DATA FOR REVIEW:
Content starts

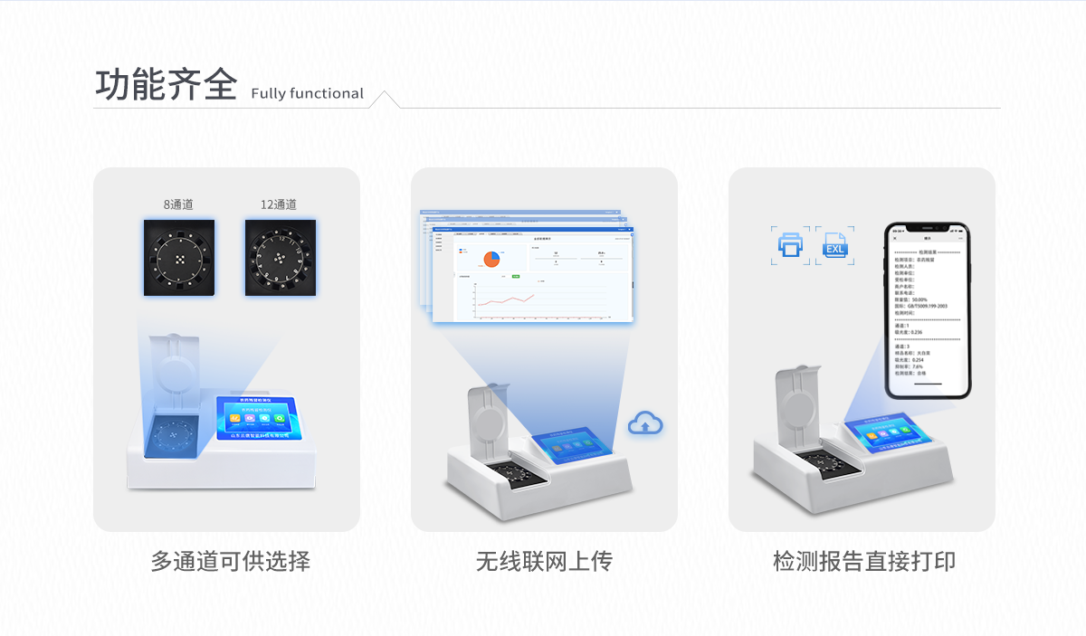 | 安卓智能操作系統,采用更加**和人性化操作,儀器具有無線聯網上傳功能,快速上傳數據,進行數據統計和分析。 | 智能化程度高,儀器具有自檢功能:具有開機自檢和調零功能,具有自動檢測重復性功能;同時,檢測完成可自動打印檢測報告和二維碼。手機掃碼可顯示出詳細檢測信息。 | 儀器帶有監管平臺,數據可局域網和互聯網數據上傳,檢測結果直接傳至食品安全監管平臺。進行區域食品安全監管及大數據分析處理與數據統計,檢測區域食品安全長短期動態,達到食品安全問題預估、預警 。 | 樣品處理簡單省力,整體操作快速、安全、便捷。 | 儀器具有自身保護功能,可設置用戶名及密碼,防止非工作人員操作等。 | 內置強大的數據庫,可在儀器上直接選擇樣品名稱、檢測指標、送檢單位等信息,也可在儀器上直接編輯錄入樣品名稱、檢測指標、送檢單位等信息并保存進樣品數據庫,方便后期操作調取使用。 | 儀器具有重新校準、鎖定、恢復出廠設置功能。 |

Content ends
Content starts

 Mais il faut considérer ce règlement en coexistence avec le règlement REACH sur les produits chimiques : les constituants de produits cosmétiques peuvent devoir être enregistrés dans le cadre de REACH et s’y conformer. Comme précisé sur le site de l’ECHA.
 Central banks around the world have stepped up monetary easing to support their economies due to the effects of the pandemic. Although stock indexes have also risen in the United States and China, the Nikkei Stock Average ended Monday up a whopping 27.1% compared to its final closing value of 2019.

Content ends
Content starts

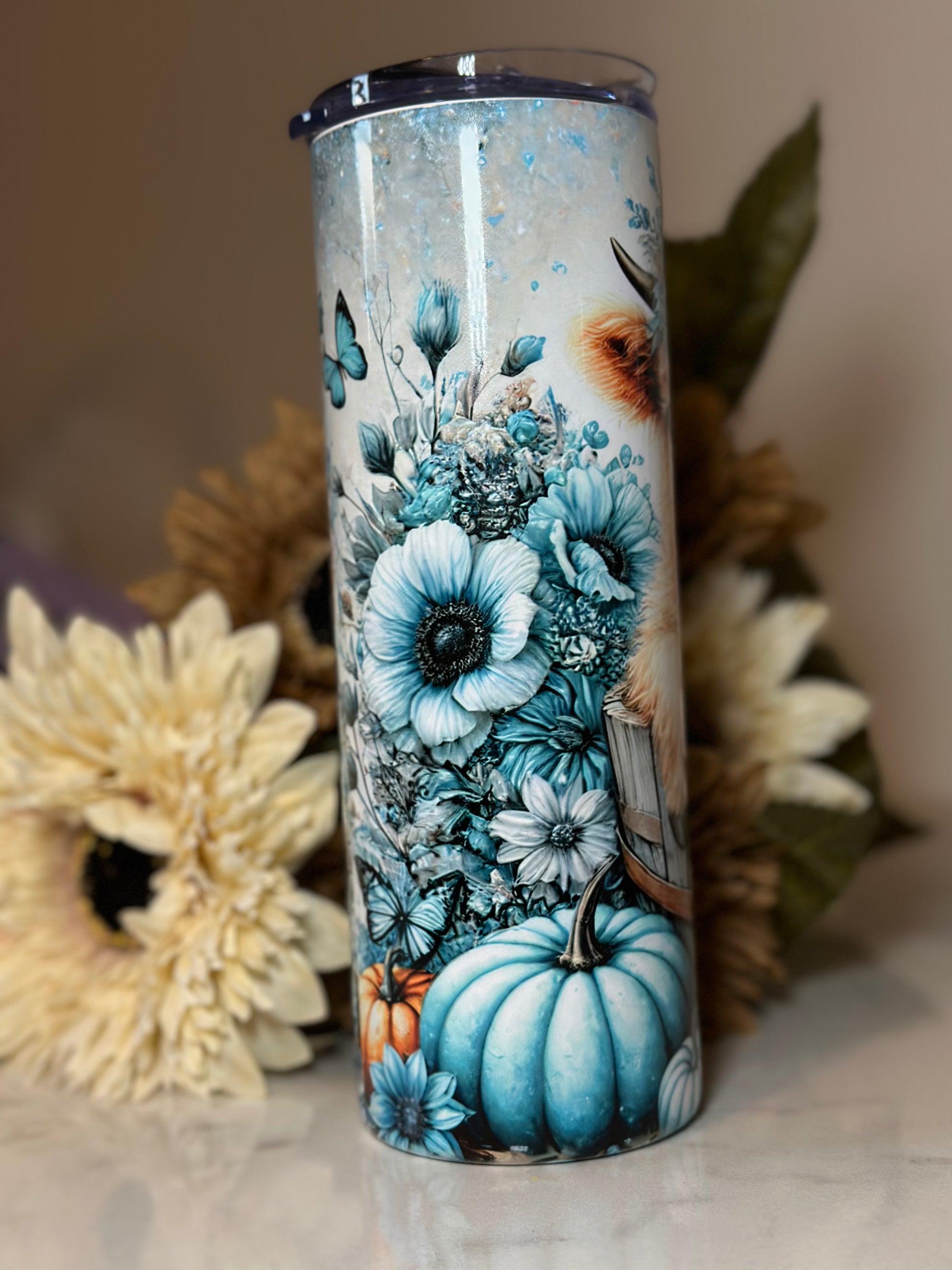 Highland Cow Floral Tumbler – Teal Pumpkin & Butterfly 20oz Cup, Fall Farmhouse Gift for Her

Content ends

TO DO:
Return, word for word, the lines of the data above from the line with "Mais il faut" through the line with "Central banks around", inclusive.

RESULT FOR THIS EXERCISE:
 Mais il faut considérer ce règlement en coexistence avec le règlement REACH sur les produits chimiques : les constituants de produits cosmétiques peuvent devoir être enregistrés dans le cadre de REACH et s’y conformer. Comme précisé sur le site de l’ECHA.
 Central banks around the world have stepped up monetary easing to support their economies due to the effects of the pandemic. Although stock indexes have also risen in the United States and China, the Nikkei Stock Average ended Monday up a whopping 27.1% compared to its final closing value of 2019.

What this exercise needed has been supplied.